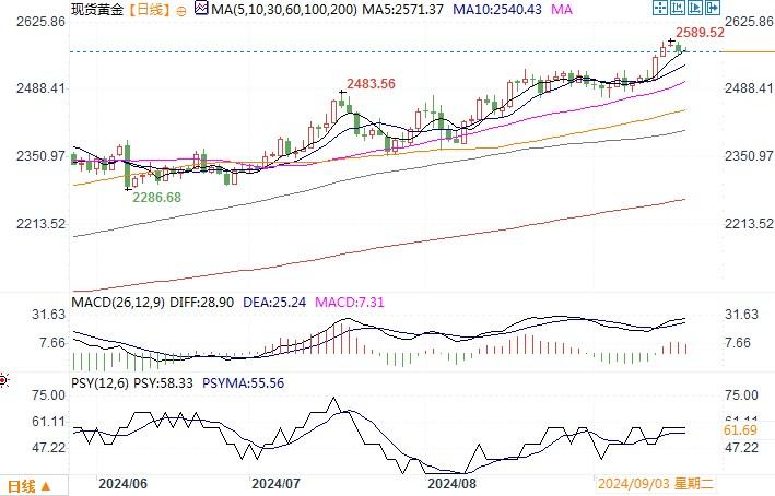 周二(9月17日),金价在上一交易日攀升至历史新高后于周二回落,现货金下跌0.5%收盘在每盎司2,569.43美元,周一曾触及2,589.59美元的历史新高。周二美国零售销售数据增长意外超出预期,令美元和美债收益率出现反弹,稍稍抑制了黄金的冲高热潮。
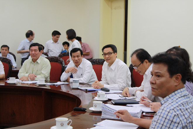 Buổi làm việc giữa Bộ trưởng Nguyễn Ngọc Thiện và các bên liên quan. Ảnh: VH.
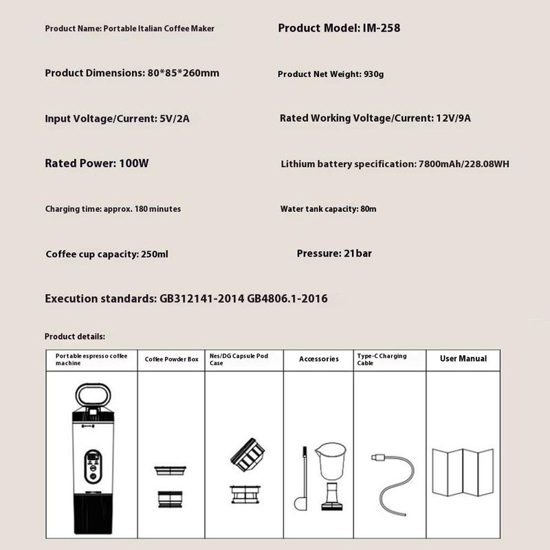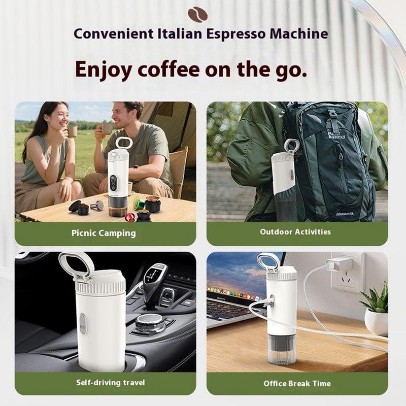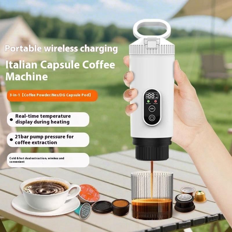 Machine à espresso portable 3-en-1 - Cafetière électrique sans fil à capsules avec batterie 7500mAh pour la voiture, la maison et l'extérieur - Compatible avec les capsules Nespresso, DolceGusto et le café en poudre

_ _ _ _ _ _ _

- **TASK BRIEF**
Write out nothing but the lines from the start of the data through the line with "Buổi làm việc". Leave out the pictures.

- **THE ANSWER**
 周二(9月17日),金价在上一交易日攀升至历史新高后于周二回落,现货金下跌0.5%收盘在每盎司2,569.43美元,周一曾触及2,589.59美元的历史新高。周二美国零售销售数据增长意外超出预期,令美元和美债收益率出现反弹,稍稍抑制了黄金的冲高热潮。
 Buổi làm việc giữa Bộ trưởng Nguyễn Ngọc Thiện và các bên liên quan. Ảnh: VH.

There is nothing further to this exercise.